BERITAOPINI.ID PURBALINGGA JATENG | Warga Perumahan Kampung Rambutan Indah, Kelurahan Kalikabong, Kecamatan Kalimanah, memprotes pembongkaran tembok keliling dan aktivitas pembangunan di lingkungan mereka yang dinilai tidak melalui prosedur resmi. Protes ini mencuat setelah tembok perumahan dibongkar satu pintu pada 27 Februari 2025 tanpa pemberitahuan sebelumnya (04/08/2025).
“Awalnya kami lihat alat berat keluar-masuk, lalu tembok dibuka begitu saja. Tidak ada sosialisasi. Kami baru tahu setelah melihat langsung di lapangan,” ujar salah satu warga.
Sebelum pembongkaran, beberapa warga sempat menyampaikan keluhan melalui grup WhatsApp lingkungan. Namun, aduan tersebut tidak ditanggapi oleh pihak yayasan. Mereka hanya menyampaikan bahwa tanah yang dibuka telah mereka beli dan berada di luar kawasan perumahan. Namun faktanya, lahan tersebut berada di wilayah RT berbeda dan hanya memiliki akses jalan setapak.
“Kami tidak pernah dimintai persetujuan. Mereka hanya datang bilang ini proyek MBG. Padahal, rumah kami yang langsung bersebelahan jadi sangat terganggu oleh aktivitas setiap hari,” tambah warga lainnya.
Situasi semakin memanas saat pembongkaran dilakukan dalam skala besar pada 18 Juni 2025. Dua hari kemudian, warga melaporkan kejadian ini ke kanal “Lapor MasBup” dan mempertanyakan legalitas kegiatan tersebut, mengingat kompleks perumahan sudah diserahkan kepada Pemda.
Pemerintah daerah merespons aduan warga pada 21 Juni dan melakukan kunjungan lapangan melalui Dinas Permukiman pada 23 Juni 2025. Dalam kunjungan itu, dinas mengeluarkan tiga rekomendasi: mengembalikan tembok ke kondisi semula, melakukan komunikasi langsung dengan warga, serta mengembalikan fungsi fasilitas umum sesuai peruntukannya.

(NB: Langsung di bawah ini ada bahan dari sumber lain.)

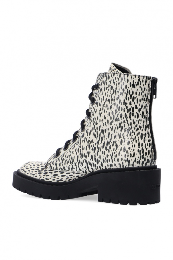 Beige and black heeled lace-up ankle boots from Kenzo. Made of leather with a snakeskin effect. Decorated with a printed pattern. Zip fastening at the back. Black rubber sole.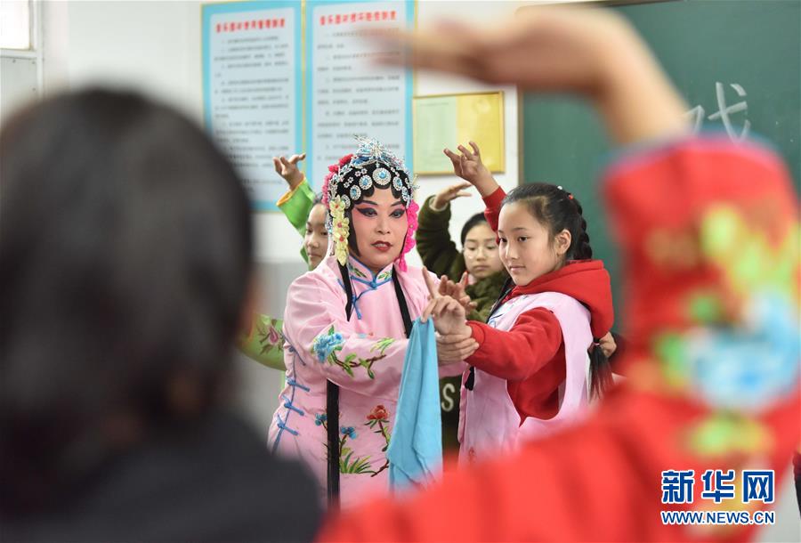 1月7日,定州市興定秧歌劇團演員在明月店鎮(zhèn)吳咬村小學(xué)指導(dǎo)學(xué)生學(xué)習(xí)戲曲表演技藝。

Namun setelah kunjungan tersebut, warga menyatakan tidak ada realisasi. “Kami tetap melihat truk masuk tiap hari, tidak ada komunikasi dari yayasan. Seolah kami ini diabaikan,” ungkap warga.
Merasa tidak didengar, warga melapor ke Ketua RT. Laporan tersebut ditindaklanjuti dengan surat resmi dari RT kepada pihak yayasan. Malam harinya, perwakilan yayasan datang dan memperkenalkan diri, namun tidak terjadi kesepakatan. Yayasan justru meminta RT menyampaikan permohonan akses kepada warga. RT telah menyarankan agar yayasan melakukan mediasi secara terbuka.
Warga menyatakan siap mengumpulkan masyarakat untuk dialog, asalkan pihak yayasan mau datang dan menjelaskan secara terbuka. Hingga surat kedua diberikan dengan tenggat waktu tujuh hari, belum ada itikad baik dari pihak yayasan. Akhirnya, warga memutuskan untuk mengunggah permasalahan ini ke media sosial agar mendapat perhatian publik. Setelah unggahan tersebut, pihak pengembang datang dan menyampaikan penyesalan.
Warga menegaskan bahwa mereka tidak menolak proyek MBG sebagai program pemerintah. “Kami tidak menolak pembangunan, apalagi ini program MBG yang katanya milik pemerintah. Tapi semua harus sesuai prosedur. Jangan fasilitas perumahan dibongkar sepihak tanpa izin dan mengganggu akses kami,” ujar salah satu tokoh warga.
Hingga awal Agustus 2025, pembangunan masih terus berjalan. “Sempat berhenti sebentar, tapi sejak Juli kegiatan di lokasi aktif lagi. Dumptruck lalu-lalang, debu dan suara bising terus setiap hari,” kata warga.
Warga berharap semua pihak, termasuk pemerintah daerah dan yayasan, dapat menghormati hak warga perumahan. “Kami ini cuma minta hak kami dihargai. Kalau mau bangun, ya izin dulu. Kalau mau buka tembok, ya ajak bicara. Itu hal paling dasar,” tutup warga.